First detection of CO in a high-redshift DLA

TL;DR

This paper reports the first detection of CO molecules in a high-redshift DLA, providing a new method to measure the cosmic microwave background temperature at z=2.41837, confirming the hot big-bang theory.

Contribution

It presents the first detection of CO in a high-redshift DLA and uses molecular excitation to precisely measure the CMB temperature at that epoch.

Findings

Detected CO, H_2, and HD molecules in a high-redshift DLA.

Measured CMB temperature at z=2.41837 as 9.15 K, consistent with big-bang predictions.
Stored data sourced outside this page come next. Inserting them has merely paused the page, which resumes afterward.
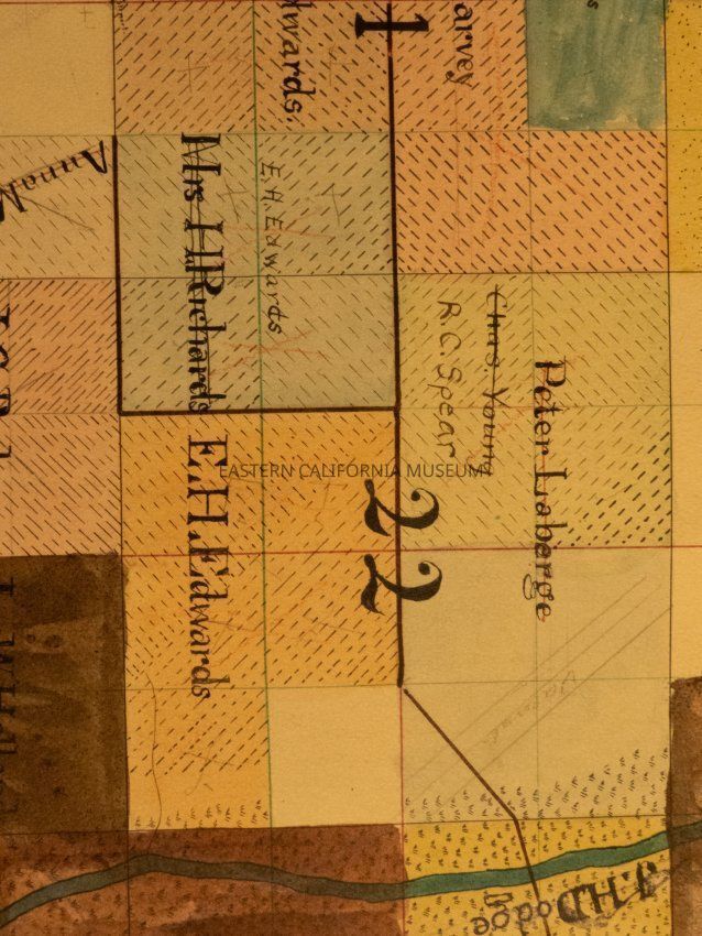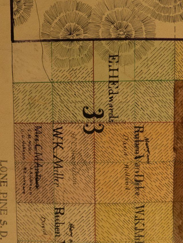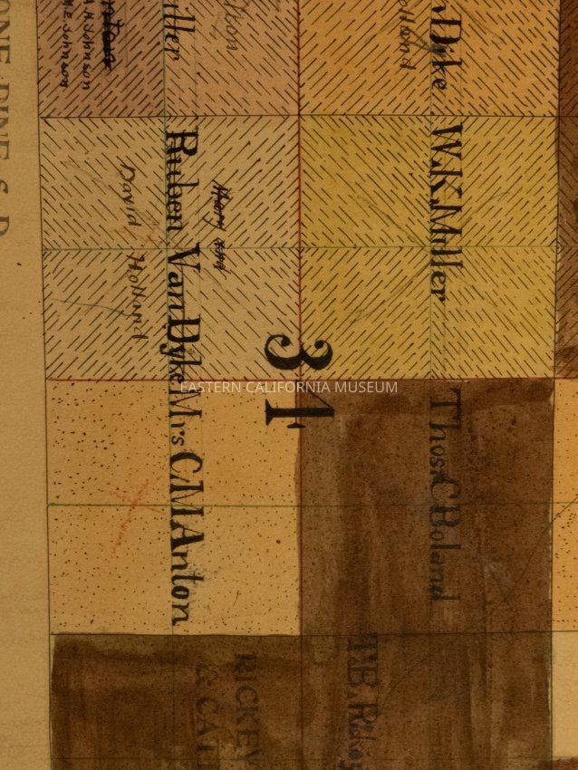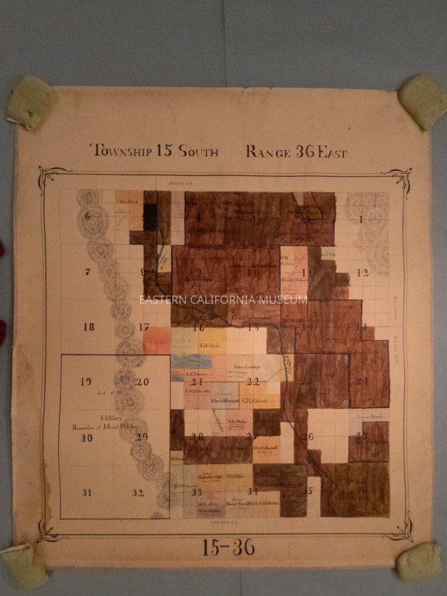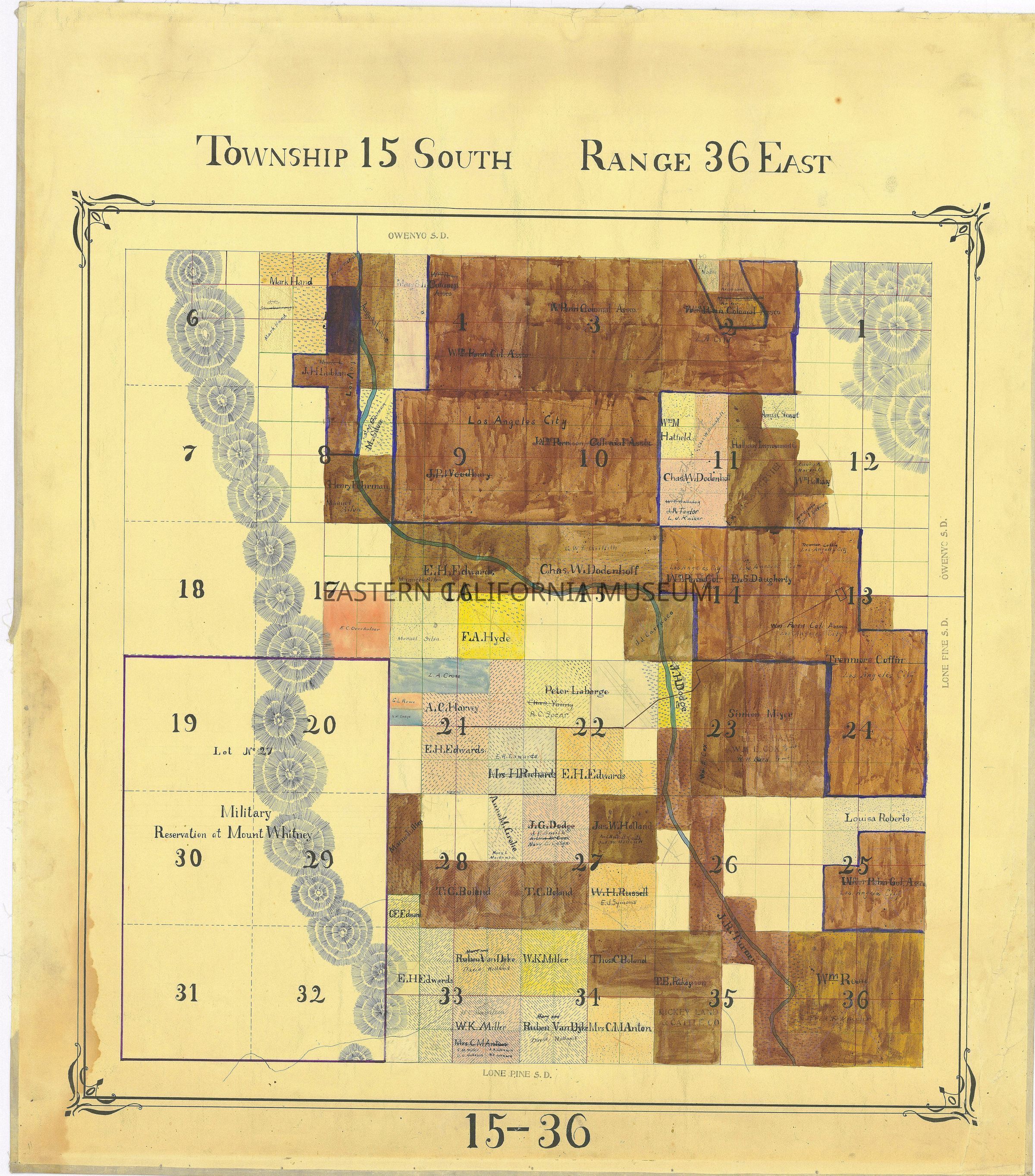Plat map showing land ownership in the Lone Pine area circa 1900s-1920s. Township 15 South, Range 36 East.
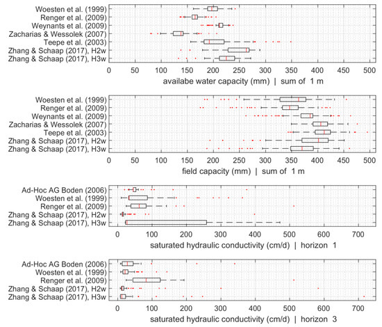 In order to quantitatively evaluate and compare the characteristics of the water retention curves and hydraulic conductivities of the different PTFs, we considered the variables of plant-available water capacity (AWC), field capacity (FC), and saturated hydraulic conductivity (Ksat). The FC corresponds to the pore volume which is filled with water at a matric potential of pF = 1.8. The AWC is the respective pore volume between pF = 1.8 and pF = 4.2. Values of FC and AWC were determined for each grid cell for the uppermost meter of the soil profile, and Ksat was analyzed for individual soil horizons. The distribution of these values were statistically examined using box plots analysis, considering only cropland, grassland, and forest areas. In addition, demonstration of the spatial distribution of these three variables (AWC, FC, Ksat) can be used to establish qualitative relationships between soil hydraulic properties and land use distribution or topography.
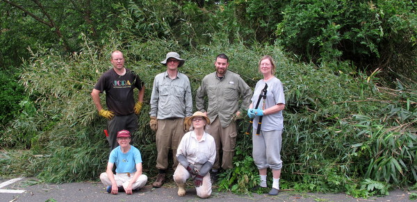 Bamboo warriors pictured in front of just one of the piles of cut bamboo are (back row from left) Richard Olsen, Michael Chesnes, Neil Comperetto and Sonja Junekand  and (front row from left) Mary-Denise Smith and yours truly.

Found high metal enrichment and dust depletion patterns similar to the Galactic ISM.

Abstract

We present the first detection of carbon monoxide (CO) in a damped Lyman-alpha system (DLA) at z_abs =2.41837 toward SDSS J143912.04+111740.5. We also detected H_2 and HD molecules. The measured total column densities (in log units) of H I, H_2, and CO are 20.10\pm0.10, 19.38\pm0.10, and 13.89\pm0.02, respectively. The molecular fraction, f = 2N(H_2)/(N(HI)+2N(H_2)) = 0.27^{+0.10}_{-0.08}, is the highest among all known DLAs. The abundances relative to solar of S, Zn, Si, and Fe are -0.03\pm0.12, +0.16\pm0.11, -0.86\pm0.11, and -1.32\pm0.11, respectively, indicating a high metal enrichment and a depletion pattern onto dust-grains similar to the cold ISM of our Galaxy. The measured {N(CO)/N(H_2) = 3x10^{-6}} is much less than the conventional CO/H_2 ratio used to convert the CO emission into gaseous mass but is consistent with what is measured along translucent sightlines in the Galaxy. The CO rotational excitation temperatures are higher than those measured in our Galactic ISM for similar kinetic temperature and density. Using the C I fine structure absorption lines, we show that this is a consequence of the excitation being dominated by radiative pumping by the cosmic microwave background radiation (CMBR). From the CO excitation temperatures, we derive T_CMBR = 9.15 \pm 0.72 K, while 9.315 \pm 0.007 K is expected from the hot big-bang theory. This is the most precise high-redshift measurement of T_CMBR and the first confirmation of the theory using molecular transitions at high redshift.